JP – A Universidade Federal do Paraná promove algum tipo de atividade nesse sentido? Quais as principais?

OBO – A universidade tem atuado em vários projetos de formação de professores em serviço, como aqueles promovidos pelas secretarias municipais de educação, em que a universidade oferece cursos, faz assessoria para a produção de materiais didáticos ou para a reformulação curricular, ou orienta projetos de ensino que os professores desenvolvem em suas aulas. Por exemplo, na área de ciências, há um junto à Secretaria de Curitiba, denominado “Parceria Escola-Universidade”, em que os professores da rede municipal desenvolvem um projeto de intervenção em sua sala de aula sob orientação de um professor da universidade, cuja duração é de cerca de oito meses.
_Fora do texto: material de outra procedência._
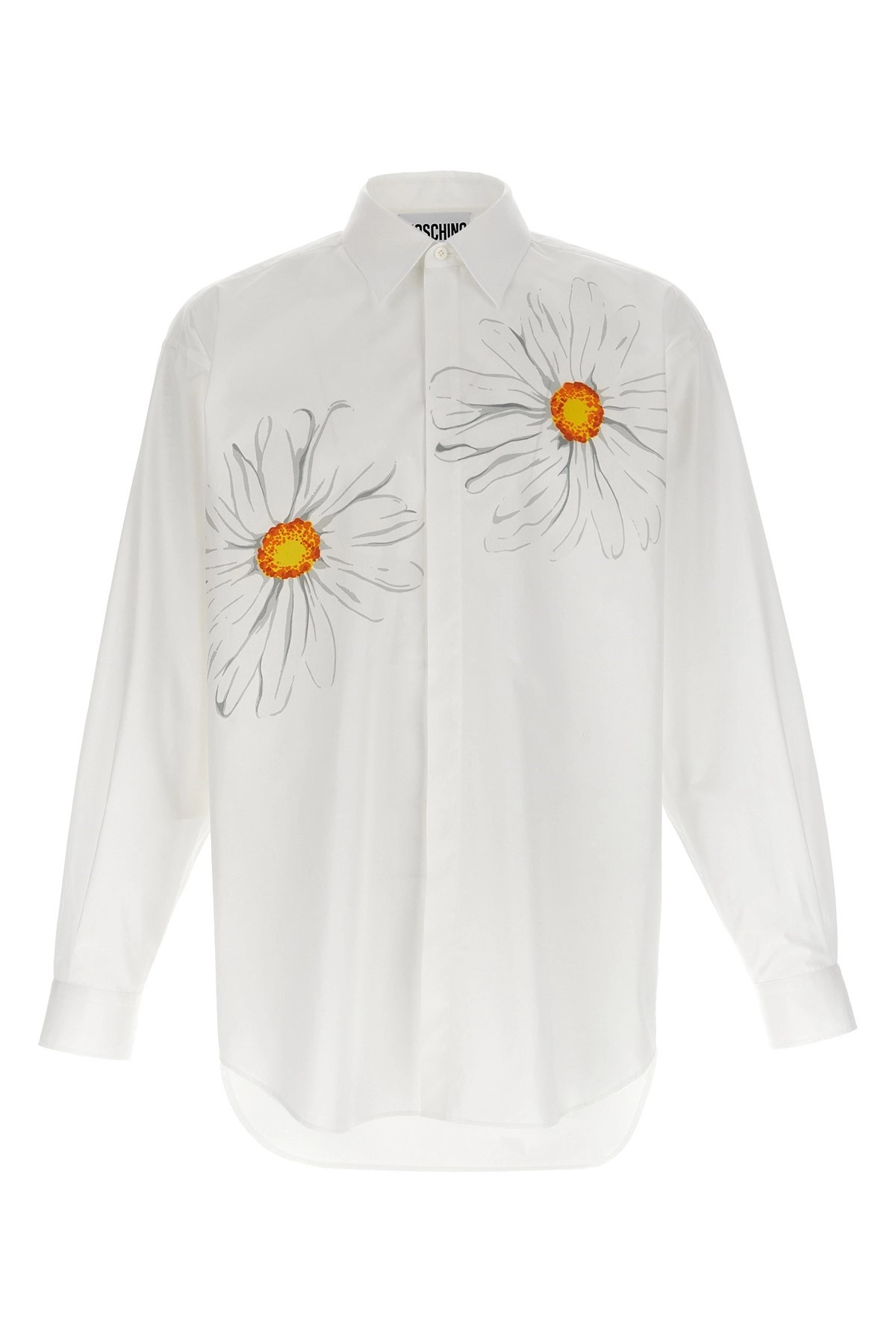 cod. A022002351001 Cotton poplin shirt with front 'Margherite' print, front closure with covered buttons, long sleeves with cuffs. Color: White Size & Fit: True to size fit Size collar Composition: 100% cotton Made in: Italy

Junto à secretaria estadual há o PDE (Programa de Desenvolvimento Educacional), neste o professor frequenta cursos na UFPR e também desenvolve um projeto orientado por um docente da universidade, com duração de dois anos. Além de cursos e eventos de extensão esporádicos ofertados aos professores. Em relação à formação conjunta de futuros professores e aqueles que estão em serviço, temos o Programa Institucional de Bolsa de Iniciação à Docência (PIBID), financiado pelo governo federal. Ele conta com dois professores da escola para orientar e 15 licenciandos sob coordenação de um docente da universidade. Sou coordenadora de um projeto PIBID e, ainda que em fase inicial, tenho percebido bons resultados no grupo de estudos que realizamos semanalmente. Já em relação à formação nos estágios, às vezes acontecem eventos ao longo do semestre em que há troca de conhecimentos entre os professores envolvidos, mas não é uma prática sistemática e corriqueira. Deveria ser melhor organizada.

JP – Em sua opinião, é importante que os alunos participem de atividades como exposições e feiras de ciências? Por quê?

OBO – Sim, todo contato com atividades científicas pode contribuir na formação do aluno, para aquela compreensão que citei anteriormente, a de que o conhecimento científico é abstrato e se diferencia do cotidiano. As feiras, exposições, mostras, museus sempre contam com recursos que se diferenciam dos presentes na escola, de modo que a frequência a esses espaços pode garantir uma aprendizagem adicional, pelo fato do aluno estar mais descompromissado com o conhecimento veiculado.